Canadian Survey on Disability, 2017: Concepts and Methods Guide
7. Data quality
Archived Content
Information identified as archived is provided for reference, research or recordkeeping purposes. It is not subject to the Government of Canada Web Standards and has not been altered or updated since it was archived. Please "contact us" to request a format other than those available.
Skip to text
Text begins
7.1 Overview of data quality evaluation
The objective of the Canadian Survey on Disability is to produce quality estimates on the type and severity of disabilities of Canadians aged 15 years and over (as of May 10, 2016) as well as on a variety of other important indicators of the experiences and challenges of persons with disabilities. This chapter reviews the quality of the data for this survey.
Sections 7.2 and 7.3 below explain the two types of errors that occur in surveys—sampling and non-sampling errors. Each type of error is evaluated in the context of the CSD. Sampling error is the difference between the data obtained from the survey sample and the data that would have resulted from a complete census of the entire population taken under similar conditions. Thus, sampling error can be described as differences arising from sample-to-sample variability. Non-sampling errors refer to all other errors that are unrelated to sampling. Non-sampling errors can occur at any stage of the survey process, and include non-response for the survey as well as errors introduced before or during data collection or during data processing.
This chapter describes the various measures adopted to prevent errors from occurring wherever possible and to adjust for any errors found throughout the different stages of the CSD. Areas of caution for interpreting CSD data are noted. Readers may also refer to the Guide to the Census of Population, 2016 for related information on data quality.
7.2 Sampling errors and bootstrap method
The estimates that can be produced with this survey are based on a sample of individuals. Somewhat different estimates might have been obtained if we had conducted a complete census with the same questionnaires, interviewers, supervisors, processing methods and so on, as those actually used. The difference between an estimate derived from the sample and an estimate based on a comprehensive enumeration under similar conditions is known as the estimate’s “sampling error”.
To produce estimates of the sampling error for statistics produced from the CSD, we used a particular type of bootstrap method. Several bootstrap methods exist in the literature, but none was appropriate for the CSD’s complex sample design. The following characteristics of the sample design make it difficult to estimate the sampling errors:
- A two-phase design in which households (or dwellings) are selected in the first phase and individuals in the second phase. In the first phase, a random sample of approximately one in four households, stratified by collection unit (CU), was selected to respond to the long-form census. In the second phase, a sample of some 50,000 individuals having reported a difficulty in activities of daily living on the census was selected for the CSD.
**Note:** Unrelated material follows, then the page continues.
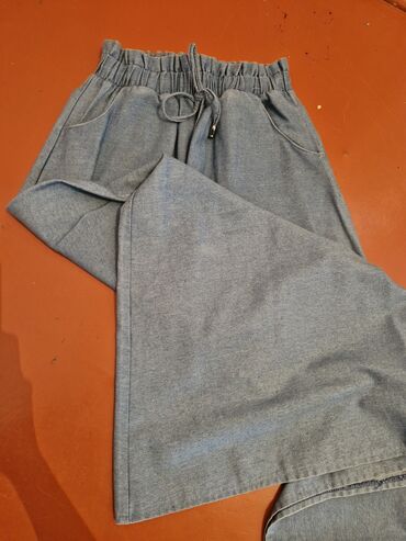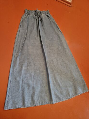 Açıq mavi rəngdə, enli biçimli cins şalvar. Yüksək belli və rahat geyimi ilə fərqlənir. Gündəlik istifadə üçün idealdır və müxtəlif üslublarla kombinasiya etmək mümkündür.

- The sampling fraction of the first-phase sample (census long-form) is non-negligible (about 1/4 in the non-remote regions), and the sampling fraction of the CSD is rather high in some strata.
- The CSD strata (combinations of province/territory, age group, remote or non-remote region, mild, moderate or high severity level) are non-nested within the census strata (CUs or groups of CUs).
- The method used has to be flexible enough to produce standard statistics such as proportions, totals, averages and ratios, as well as more sophisticated statistics, including percentiles and logistic regression coefficients.
In 2006, a general bootstrap method for two-phase sampling was developed and applied to the Aboriginal Peoples Survey (APS) (Langlet, Beaumont and Lavallée, 2008).Note The underlying idea of the general bootstrap method is that the initial bootstrap weights can be seen as the product of the initial sampling weights and a random adjustment factor. In the case of a two-phase sample, the variance can be split into two components, each associated with one sampling phase. The two-phase general bootstrap method generates a random adjustment factor for each phase of sampling. In this case, the initial bootstrap weight of a given unit is the product of its initial sampling weight and the two random adjustment factors. Once initial bootstrap weights have been calculated, all weight adjustments applied to the initial sampling weights were applied to the initial bootstrap weights to obtain the final bootstrap weights, which capture the variance associated not only with the particular sample design but also with all weight adjustments applied to the full sample to derive the final weights.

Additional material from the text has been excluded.